1 August 2025 – 1 August 2026

Project summary:

This project aims to conduct a comprehensive genetic study of 30 patients diagnosed with Interstitial Lung Disease (ILD), specifically Idiopathic pulmonary fibrosis (IPF) in a tertiary care hospital in Bangladesh. Idiopathic pulmonary fibrosis (IPF) is a chronic and progressive lung disease influenced by genetic and environmental factors. Advances in genetic research, such as genome-wide association studies and whole-genome sequencing, have expanded our understanding of IPF’s genetic complexity. Utilizing Whole Exome Sequencing (WES) from blood samples, the study will explore widely recognized and well-studied genes that have shown potential roles in IPF pathogenesis. This study aims at individuals>18 years old with a confirmed diagnosis of IPF. This genetic analysis will not only provide insights into the genetic patterns specific to the Bangladeshi population but also contribute novel data to the growing body of knowledge regarding IPF in the Asia-Pacific region. It will lay the foundation for a broader, more extensive genetic study that could have significant clinical implications for the future management and treatment of IPF in this region.

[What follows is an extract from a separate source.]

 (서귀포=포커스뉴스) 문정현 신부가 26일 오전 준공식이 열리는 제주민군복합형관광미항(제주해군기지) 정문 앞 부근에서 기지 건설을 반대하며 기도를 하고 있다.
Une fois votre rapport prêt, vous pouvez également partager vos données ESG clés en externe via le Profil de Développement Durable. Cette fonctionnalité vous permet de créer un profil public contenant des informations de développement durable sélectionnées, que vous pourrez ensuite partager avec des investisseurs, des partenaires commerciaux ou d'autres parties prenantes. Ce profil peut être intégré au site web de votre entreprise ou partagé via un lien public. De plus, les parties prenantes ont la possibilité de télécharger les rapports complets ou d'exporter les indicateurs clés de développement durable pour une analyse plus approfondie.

In the context of a pilot study, WES is a more viable approach, as it allows researchers to focus on the most relevant parts of the genome without the high expense and data complexity of WGS. Many of the known genetic variants associated with IPF are located within the coding regions of genes. WES provides sufficient depth and resolution to capture these variants accurately, which may not be as effectively identified through other NGS methods that focus on non-coding regions. This makes it easier to focus on the most relevant variants associated with IPF, facilitating faster insights for clinical and research applications.

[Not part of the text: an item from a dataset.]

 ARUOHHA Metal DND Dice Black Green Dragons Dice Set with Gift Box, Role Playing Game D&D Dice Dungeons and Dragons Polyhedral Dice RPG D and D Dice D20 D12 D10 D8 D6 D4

By identifying genetic variants that are significant to this population, the study has the potential to improve the understanding of disease progression, guide treatment protocols, and define clinical outcomes, prognoses, and disease courses in IPF. Hopefully, it will guide to make genetic study of IPF more easily accessible for a larger number of the population in the near future allowing for more personalized and targeted therapeutic interventions. Moreover, it will offer a framework for genetic counseling for ILD patients, enabling them to make informed decisions about their health and future care.